- **Supplied material**
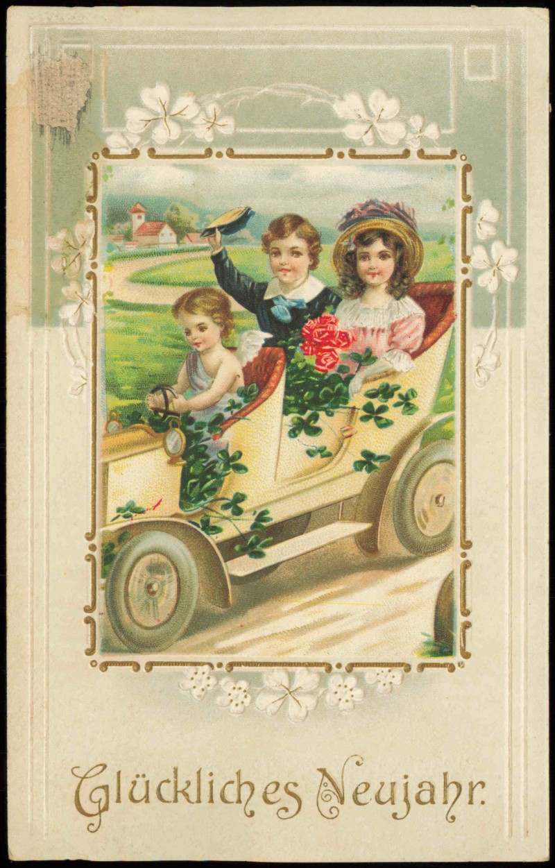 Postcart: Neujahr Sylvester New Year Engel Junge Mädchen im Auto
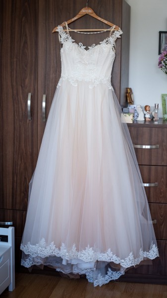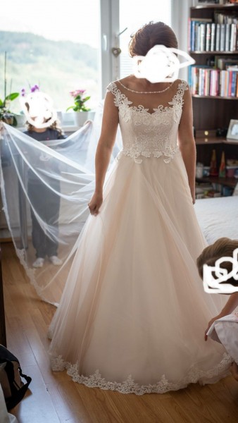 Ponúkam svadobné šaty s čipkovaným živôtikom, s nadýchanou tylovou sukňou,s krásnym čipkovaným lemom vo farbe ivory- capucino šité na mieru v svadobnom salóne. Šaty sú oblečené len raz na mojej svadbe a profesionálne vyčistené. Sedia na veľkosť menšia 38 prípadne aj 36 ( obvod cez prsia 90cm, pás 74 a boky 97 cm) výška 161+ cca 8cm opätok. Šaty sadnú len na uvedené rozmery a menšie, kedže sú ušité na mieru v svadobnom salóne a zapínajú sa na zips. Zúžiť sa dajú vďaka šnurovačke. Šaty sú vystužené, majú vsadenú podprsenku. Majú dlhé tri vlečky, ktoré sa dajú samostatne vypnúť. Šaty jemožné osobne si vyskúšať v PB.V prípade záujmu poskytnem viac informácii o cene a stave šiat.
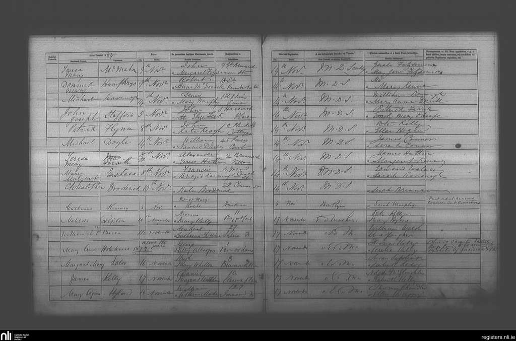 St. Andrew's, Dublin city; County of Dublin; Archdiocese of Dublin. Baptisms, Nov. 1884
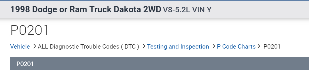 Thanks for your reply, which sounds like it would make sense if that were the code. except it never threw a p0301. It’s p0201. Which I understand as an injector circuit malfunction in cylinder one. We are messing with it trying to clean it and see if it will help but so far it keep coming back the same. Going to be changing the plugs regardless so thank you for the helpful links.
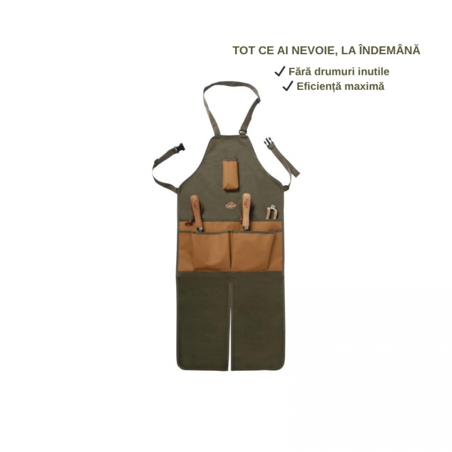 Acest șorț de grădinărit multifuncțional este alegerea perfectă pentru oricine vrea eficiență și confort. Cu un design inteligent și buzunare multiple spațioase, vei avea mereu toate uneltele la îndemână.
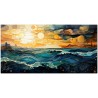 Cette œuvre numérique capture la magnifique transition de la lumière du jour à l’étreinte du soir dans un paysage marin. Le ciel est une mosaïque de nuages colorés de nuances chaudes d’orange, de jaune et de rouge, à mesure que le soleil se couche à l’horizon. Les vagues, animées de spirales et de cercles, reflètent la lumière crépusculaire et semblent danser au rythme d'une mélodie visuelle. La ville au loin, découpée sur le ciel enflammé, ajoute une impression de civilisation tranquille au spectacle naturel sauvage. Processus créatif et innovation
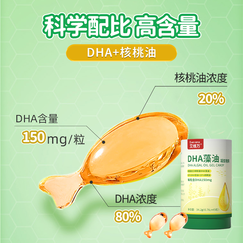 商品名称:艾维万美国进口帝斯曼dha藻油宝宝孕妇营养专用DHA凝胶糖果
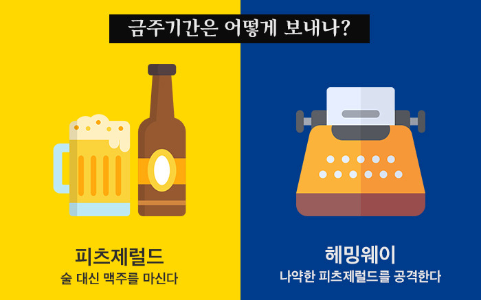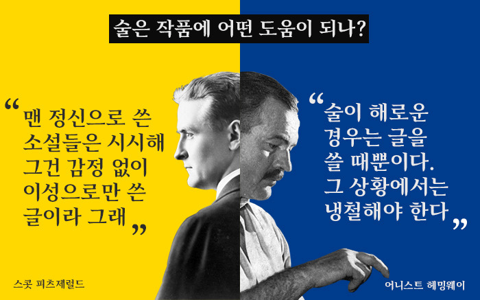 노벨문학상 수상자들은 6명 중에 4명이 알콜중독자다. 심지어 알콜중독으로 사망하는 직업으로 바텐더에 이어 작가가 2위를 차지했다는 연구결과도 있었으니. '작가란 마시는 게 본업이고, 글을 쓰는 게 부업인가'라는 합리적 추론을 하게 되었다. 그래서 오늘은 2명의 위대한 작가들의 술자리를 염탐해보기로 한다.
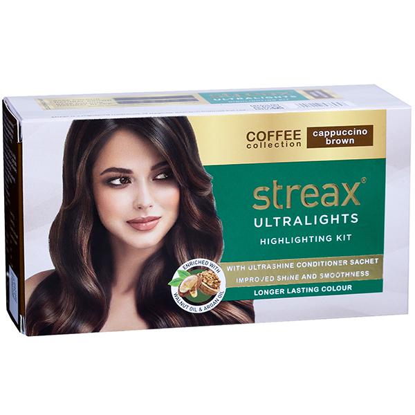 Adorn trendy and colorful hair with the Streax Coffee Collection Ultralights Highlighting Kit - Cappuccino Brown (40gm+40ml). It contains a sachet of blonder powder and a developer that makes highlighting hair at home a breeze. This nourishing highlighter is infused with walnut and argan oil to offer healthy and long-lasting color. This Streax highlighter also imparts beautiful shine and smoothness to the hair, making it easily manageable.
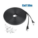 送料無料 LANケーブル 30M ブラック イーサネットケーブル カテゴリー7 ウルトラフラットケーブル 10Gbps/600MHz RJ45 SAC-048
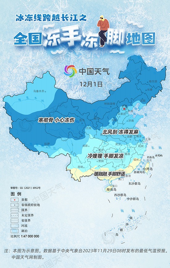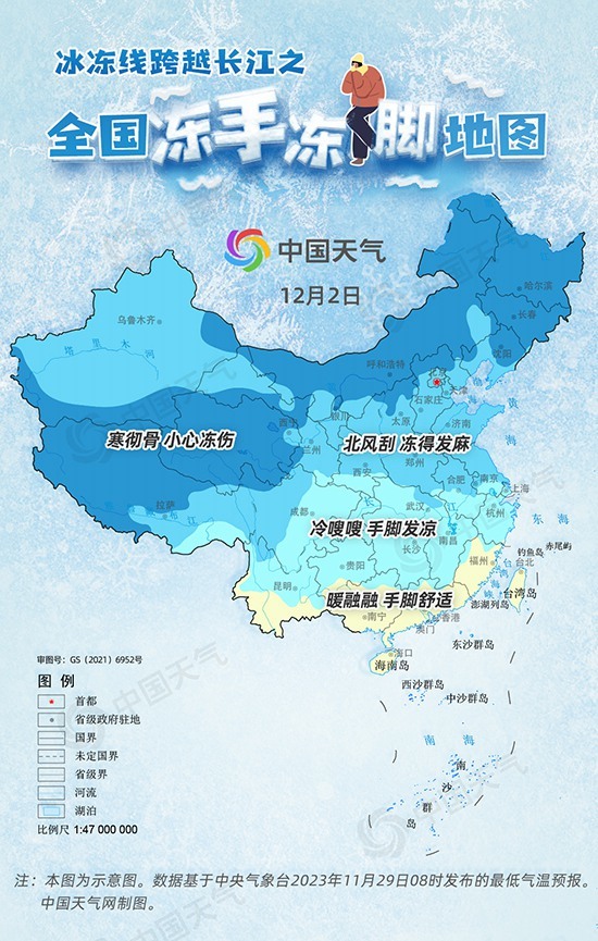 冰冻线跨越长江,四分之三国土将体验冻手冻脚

- **Task to carry out**
All pictures are to be skipped. Output, word for word, the lines in the data above starting at the line containing "Acest șorț de" and ending at the line containing "노벨문학상 수상자들은 6명".

- **Exercise response**
 Acest șorț de grădinărit multifuncțional este alegerea perfectă pentru oricine vrea eficiență și confort. Cu un design inteligent și buzunare multiple spațioase, vei avea mereu toate uneltele la îndemână.
 Cette œuvre numérique capture la magnifique transition de la lumière du jour à l’étreinte du soir dans un paysage marin. Le ciel est une mosaïque de nuages colorés de nuances chaudes d’orange, de jaune et de rouge, à mesure que le soleil se couche à l’horizon. Les vagues, animées de spirales et de cercles, reflètent la lumière crépusculaire et semblent danser au rythme d'une mélodie visuelle. La ville au loin, découpée sur le ciel enflammé, ajoute une impression de civilisation tranquille au spectacle naturel sauvage. Processus créatif et innovation
 商品名称:艾维万美国进口帝斯曼dha藻油宝宝孕妇营养专用DHA凝胶糖果
 노벨문학상 수상자들은 6명 중에 4명이 알콜중독자다. 심지어 알콜중독으로 사망하는 직업으로 바텐더에 이어 작가가 2위를 차지했다는 연구결과도 있었으니. '작가란 마시는 게 본업이고, 글을 쓰는 게 부업인가'라는 합리적 추론을 하게 되었다. 그래서 오늘은 2명의 위대한 작가들의 술자리를 염탐해보기로 한다.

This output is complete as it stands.